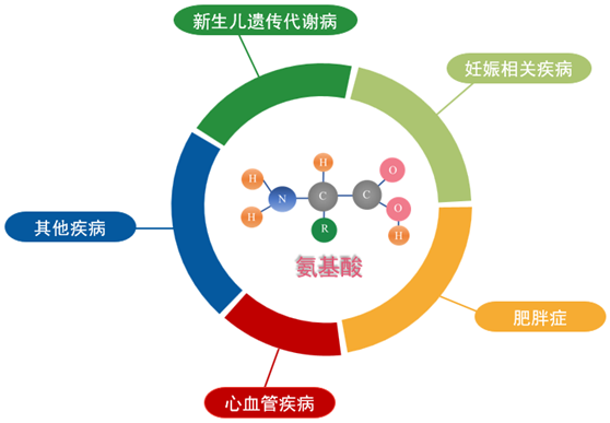 多種疾病受氨基酸的影響,氨基酸可作為生物標(biāo)志物以此來了解疾病狀況。蛋白質(zhì)氨基酸是某些代謝紊亂的潛在生物標(biāo)志物,如新生兒遺傳代謝病、糖尿病、心血管疾病、神經(jīng)性疾病等多個方面。
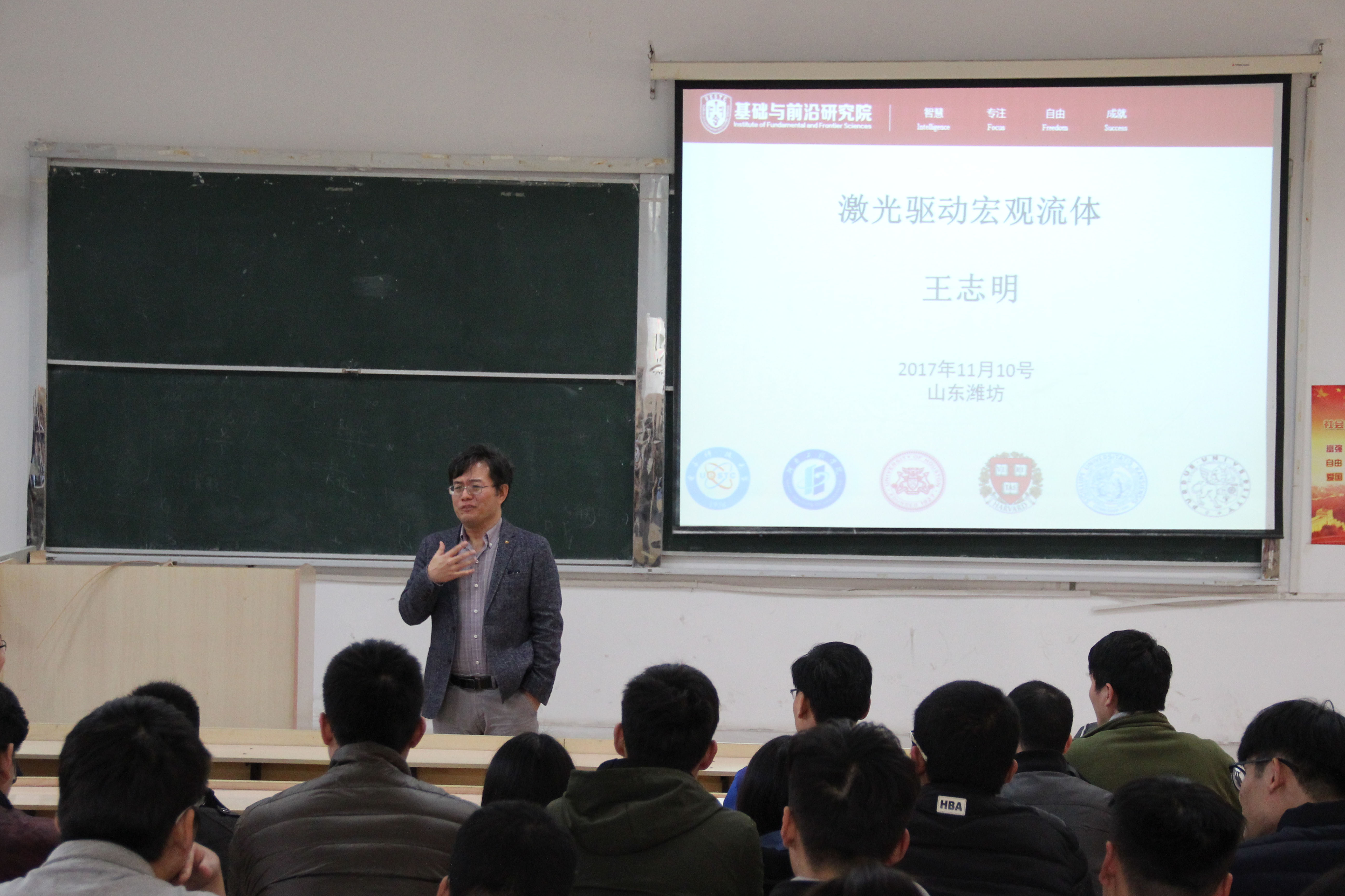 物电学院为拓展学生视野,增强学生对所学专业的了解,2017年11月10日,电子科技大学基础院与前沿院执行院长王志明教授在5109教室为物电学子带来了一场题为《从激光驱动宏观流体谈起》的学术讲座。物理光电工程学院院长李英德、王俊宝等老师以及15级物理学,15、16、17级光电专业的同学聆听了本次报告会。
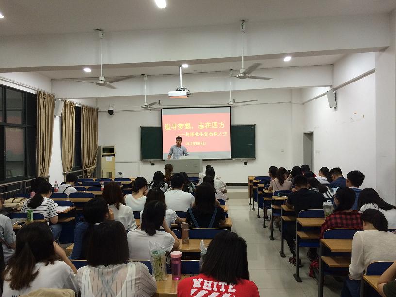 本次教育活动第一项为“与毕业生党员谈人生”,钟佳老师作为支部书记给大家分享了自己丰富的工作经验和工作时所信守的理念。他着重强调了作为党员同志的责任与担当,要肩负起对自己、对家人、对社会和对国家的责任,以实现中国梦为自己奋斗的目标,身为中南毕业学子,有责任和义务为中华民族的伟大复兴而努力奋斗!钟佳老师的分享深受各位党员同志认同,没有任何一个“低头族”的存在。最后,钟佳老师引用了一段话送给了党员同志“我唯一害怕的,是你们已经不相信了——不相信规则能战胜潜规则,不相信学场有别于官场,不相信学术不等于权术,不相信风骨远胜于媚骨。你们或许不相信了,因为追求级别的越来越多,追求真理的越来越少;讲待遇的越来越多,讲理想的越来越少;大官越来越多,大师越来越少。因此,在你们走向社会之际,我想说的只是,请看护好你们曾经的激情和理想。在这个怀疑的时代,我们依然需要信仰。”,希望大家要坚持自己的理想,不忘初心。
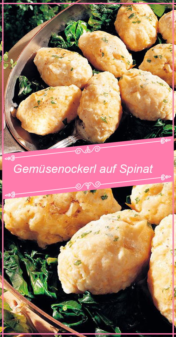 Spinat auf Tellern anrichten, Nockerln aus dem Kochfond heben, gut abtropfen lassen und auf den Spinat setzen. Restliche Butter erhitzen bis sie braun ist und vor dem Servieren über die Nockerln gießen.
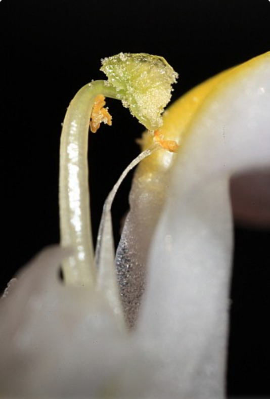 Blüten mit 2 Staubblätter, die jeweils 3 Staubbeutel tragen, mittlere Staubbeutel mit 2 Theken, die äußeren mit 1 Theka, Narbe ohne halbmondförmigem Kamm
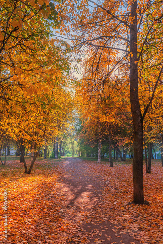 Fototapeta premium A colorful alley, a path for walking in the autumn park among the trees.
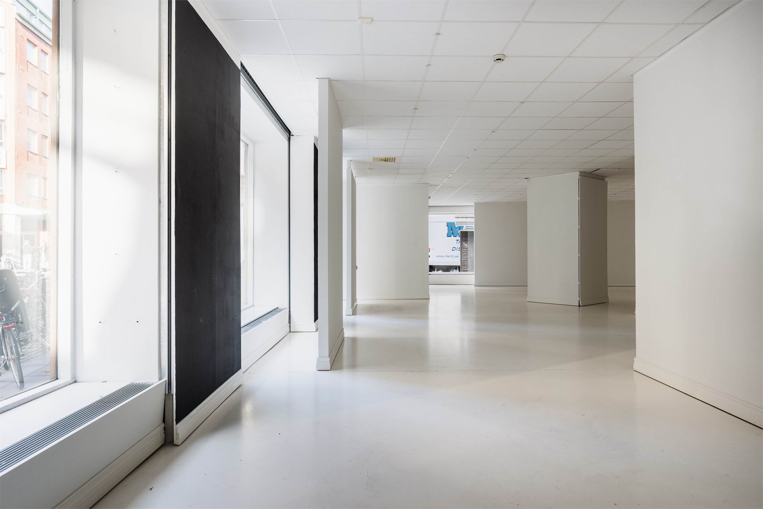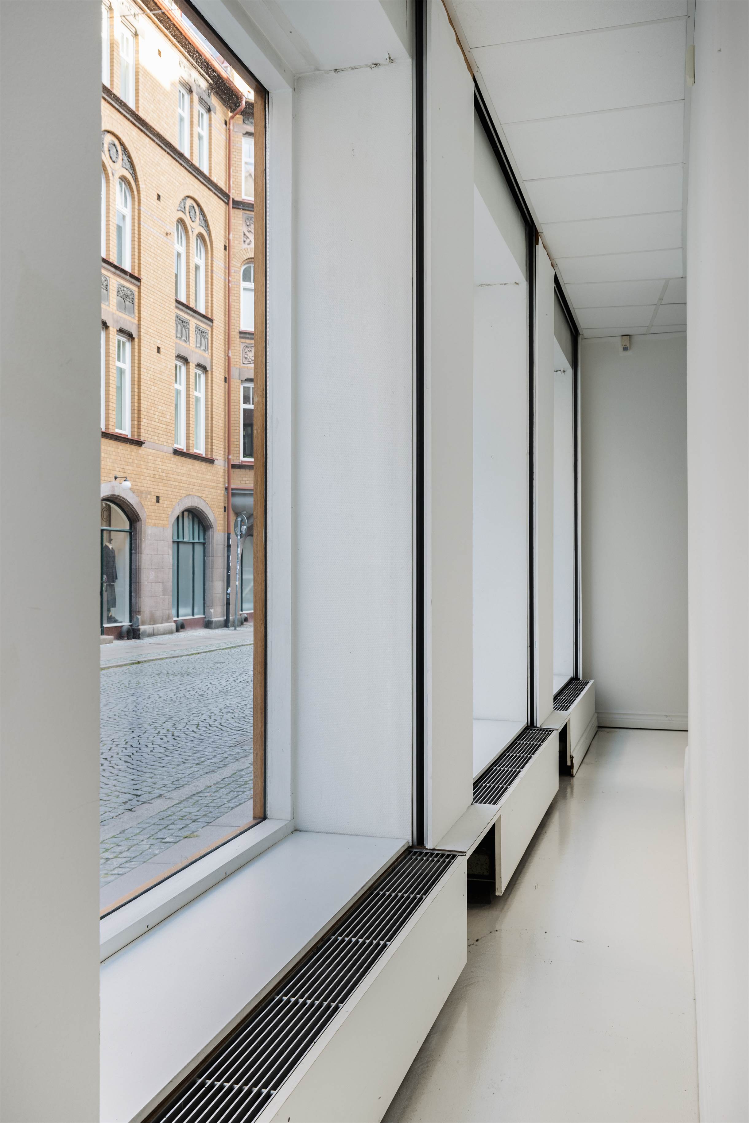Per Wejersgatan 12 omfattar 212 kvm lokalyta med tidigare användning som galleri, vilket ger platsen en ren och stilmässigt neutral grund att bygga vidare på. De stora fönsterpartierna löper längs två fasader tack vare hörnläget och ger ett tydligt skyltläge ut mot gatan samt ett jämnt dagsljusinsläpp som lyfter rummet.

········

Give again, word for word, only the lines from the line containing "Fototapeta premium A" through the last line above, both included; leave the pictures out.

◆ **Expected answer**
 Fototapeta premium A colorful alley, a path for walking in the autumn park among the trees.
Per Wejersgatan 12 omfattar 212 kvm lokalyta med tidigare användning som galleri, vilket ger platsen en ren och stilmässigt neutral grund att bygga vidare på. De stora fönsterpartierna löper längs två fasader tack vare hörnläget och ger ett tydligt skyltläge ut mot gatan samt ett jämnt dagsljusinsläpp som lyfter rummet.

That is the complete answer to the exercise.